Material provided:
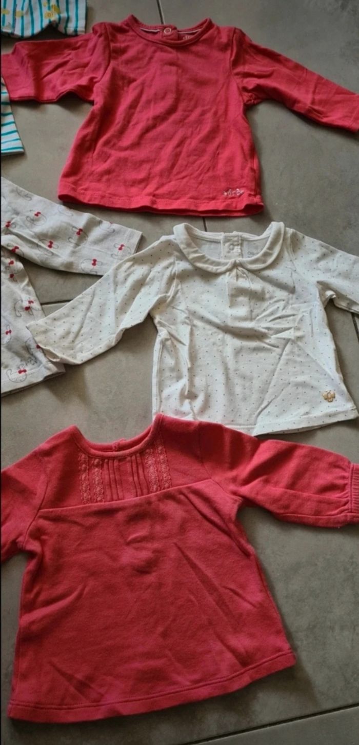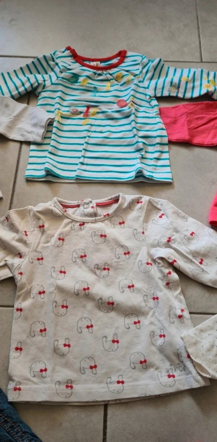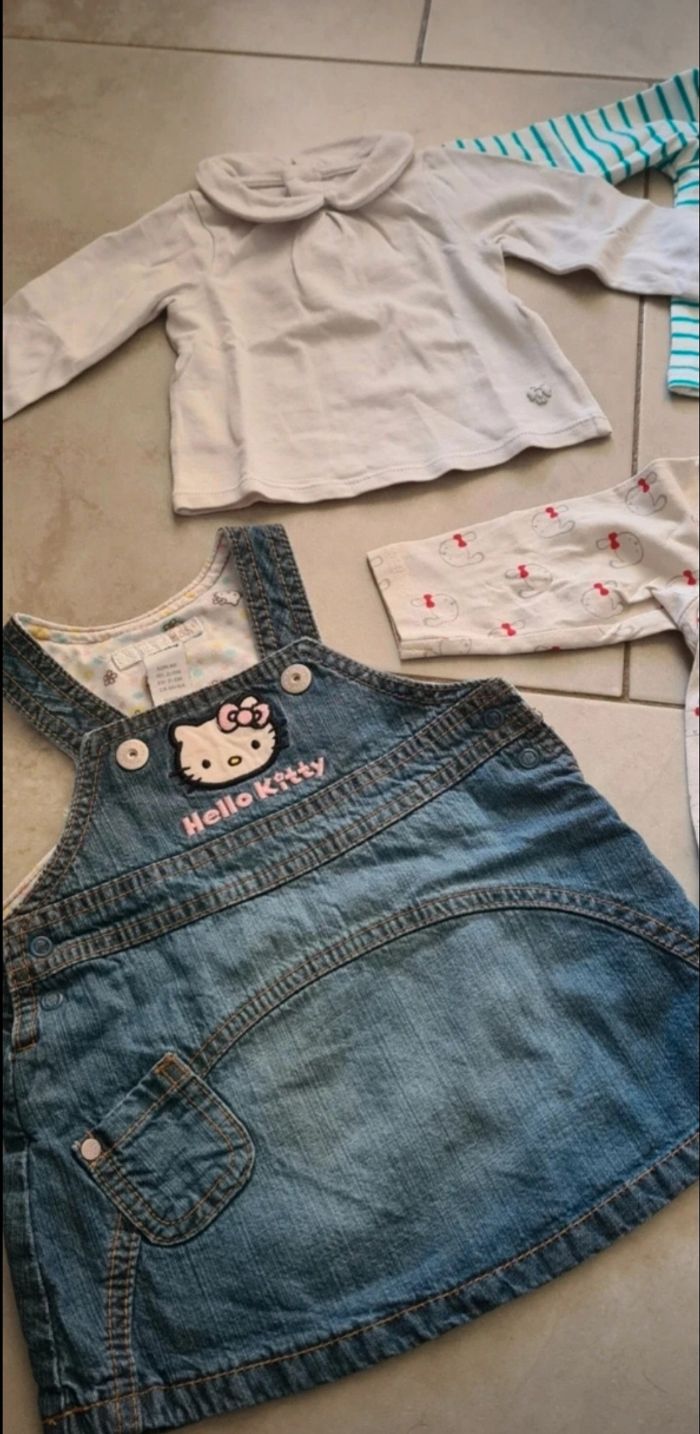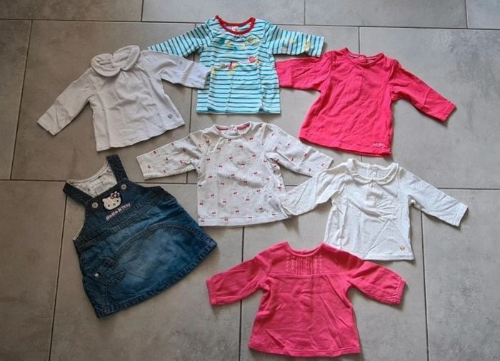 Lot de 6 tee-shirts manches longues filles + 1 robe en jean hello kitty taille 3 mois. Le tee-shirt a rayures présente une tâche (je le donne). Le reste est en très bon état. Principalement du orchestra.
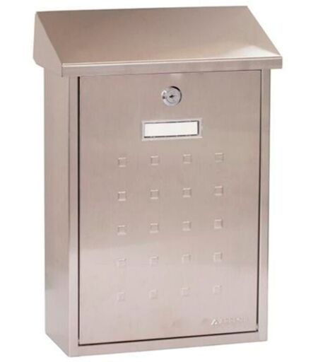 Boîte aux lettres individuelle extérieure de taille moyenne qui s'intègre parfaitement à tout style et type de maison. Avec un toit qui protège la fenêtre d'introduction au courrier contre la pluie et les intempéries. Serrure en façade, facilement accesible. Caractéristiques principales: Taille M (DIN A4): capacité pour des feuilles A4, enveloppes C4, magazines et catalogues A4, etc. Dimensions extérieures (hauteur x largeur x profondeur): 40 x 27 x 10 cm Dimensions de la fenêtre d’introduction au courrier: 25 x 3,4 cm En acier inoxydable: résistance aux intempéries, durabilité et résistance à la corrosion très elevées. Étanche Avec porte-nom sur la porte Comment l'installer? (différentes options) Vissé au mur. Il a 4 trous de fixation au dos (vis de fixation fournies) Sujet à clôture avec le kit de fixation à cloture Arregui C-015 (achat séparé) Sujet à piquet pour installation au sol Arregui STT02 (achat séparé) Qu'est-ce que c'est inclus dans le colis? Le paquet comprend la boîte ...
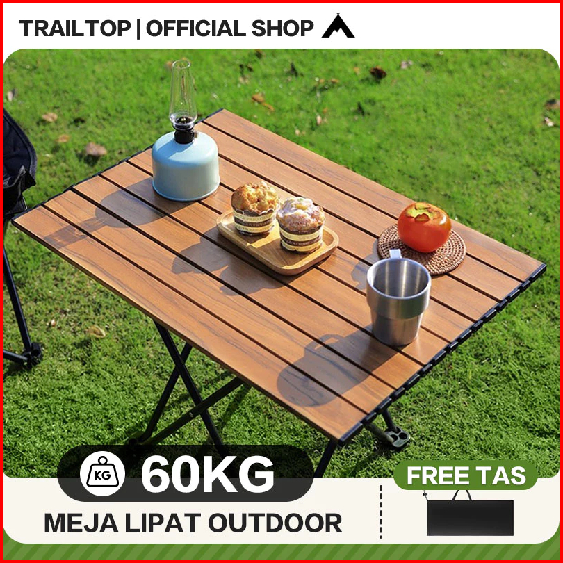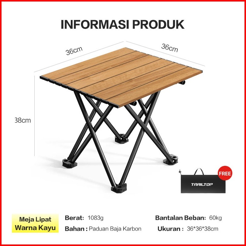 Trailtop Meja Lipat Outdoor Baja Karbon Kuat Anti Karat Meja Camping Portable Beban 60kg
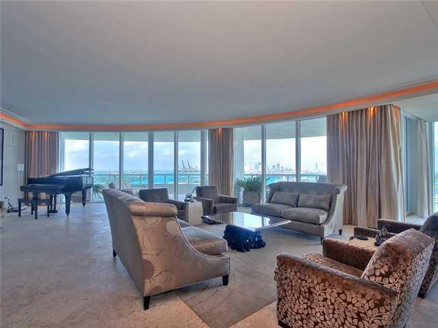 THIS FABULOUS ULTRA-MODERN UNIT WITH DESIGNER UPGRADES OFFER NOTHING LESS THAN SPECTACULAR COMFORT AND VIEWS FROM EVERY CORNER OF THIS MANSION IN THE SKY. OPEN LAYOUT WITH FLOOR TO CEILING GLASS, PRIVATE ELEVATOR THAT OPEN INTO YOUR OWN LOBBY, EXTRA DEEP TERRACES TO ENHANCE THE OUTDOOR LEAVING AND VIEWS OF THE BAY, FISHER ISLAND, MIAMI SKYLINE, MIAMI BEACH MARINA, CITY AND BEACH ARE COMPLEMENTED BY ONE OF SOUTH BEACH BEST KNOWN AND MOST LUXURIOUS CONDO RESIDENCES "THE MURANO AT PORTOFINO".
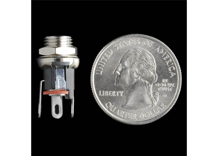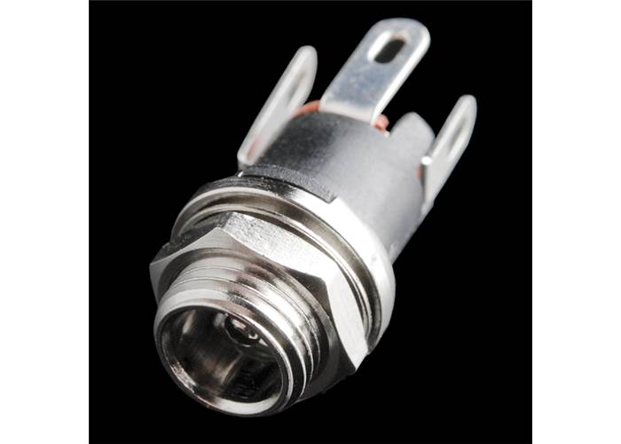 This is a great DC power jack/connector for projects in an enclosure. This is a common barrel-type power jack for DC wall supplies, in a panel-mount form factor. These are compatible with our DC wall supplies and have a 5mm jack, with a 2.1mm centre pole diameter. Simply drill the proper size hole in your enclosure, slide the jack through and secure it with a nut. Panel mount jacks are also useful in preventing mechanical stress from hanging power cables damaging your board.
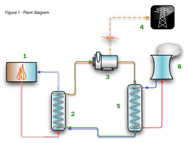 The structure of the proposed plant is based on the so-called low-temperature organic Rankine cycle (LT-ORC), and may be summed up by the diagram in Figure 1. A heat source [1] generates heat, which is conveyed through a vector fluid circulating into a closed loop to one or more primary heat exchangers, usually a preheater and an evaporator [2], where said heat is transferred from the vector fluid to the working fluid.
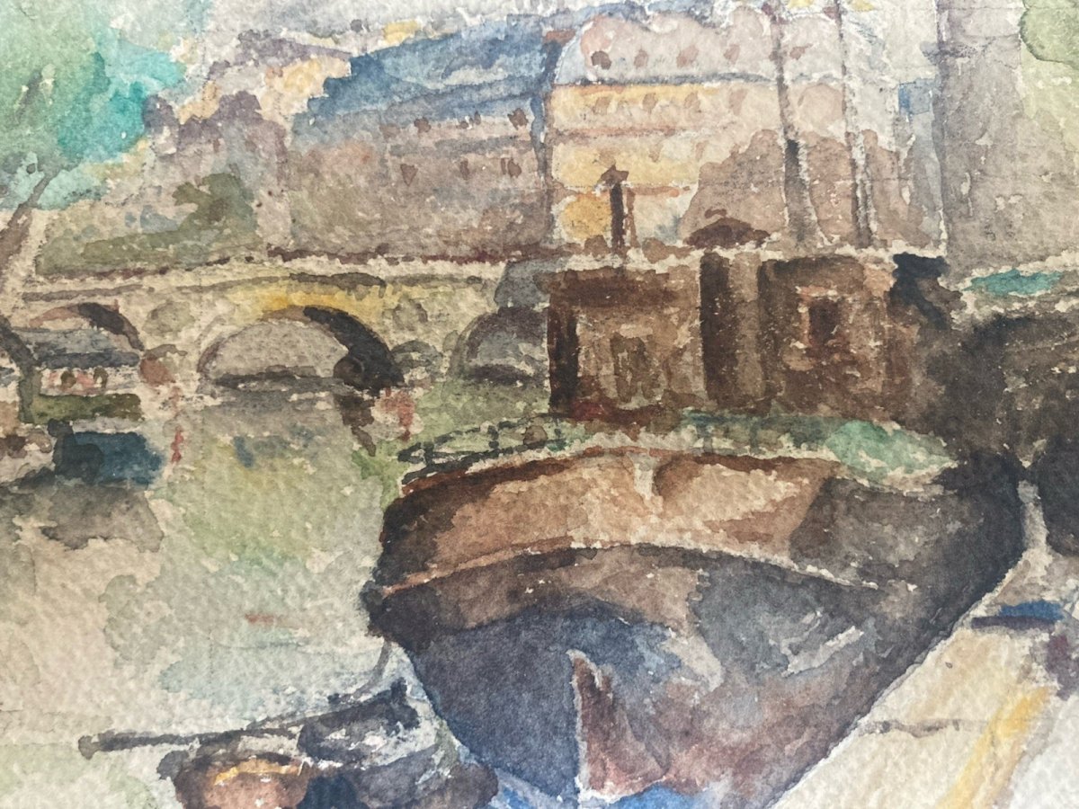 Peinture Seine Paris Quai Aquarelle 1950 Bateau Art Péniche À Identifier

Description of the task: Although pictures appear among the records above, write out exactly only the lines from the one that has "Boîte aux lettres" through the one that has "THIS FABULOUS ULTRA-MODERN", and leave the pictures out.

Exercise output:
 Boîte aux lettres individuelle extérieure de taille moyenne qui s'intègre parfaitement à tout style et type de maison. Avec un toit qui protège la fenêtre d'introduction au courrier contre la pluie et les intempéries. Serrure en façade, facilement accesible. Caractéristiques principales: Taille M (DIN A4): capacité pour des feuilles A4, enveloppes C4, magazines et catalogues A4, etc. Dimensions extérieures (hauteur x largeur x profondeur): 40 x 27 x 10 cm Dimensions de la fenêtre d’introduction au courrier: 25 x 3,4 cm En acier inoxydable: résistance aux intempéries, durabilité et résistance à la corrosion très elevées. Étanche Avec porte-nom sur la porte Comment l'installer? (différentes options) Vissé au mur. Il a 4 trous de fixation au dos (vis de fixation fournies) Sujet à clôture avec le kit de fixation à cloture Arregui C-015 (achat séparé) Sujet à piquet pour installation au sol Arregui STT02 (achat séparé) Qu'est-ce que c'est inclus dans le colis? Le paquet comprend la boîte ...
 Trailtop Meja Lipat Outdoor Baja Karbon Kuat Anti Karat Meja Camping Portable Beban 60kg
 THIS FABULOUS ULTRA-MODERN UNIT WITH DESIGNER UPGRADES OFFER NOTHING LESS THAN SPECTACULAR COMFORT AND VIEWS FROM EVERY CORNER OF THIS MANSION IN THE SKY. OPEN LAYOUT WITH FLOOR TO CEILING GLASS, PRIVATE ELEVATOR THAT OPEN INTO YOUR OWN LOBBY, EXTRA DEEP TERRACES TO ENHANCE THE OUTDOOR LEAVING AND VIEWS OF THE BAY, FISHER ISLAND, MIAMI SKYLINE, MIAMI BEACH MARINA, CITY AND BEACH ARE COMPLEMENTED BY ONE OF SOUTH BEACH BEST KNOWN AND MOST LUXURIOUS CONDO RESIDENCES "THE MURANO AT PORTOFINO".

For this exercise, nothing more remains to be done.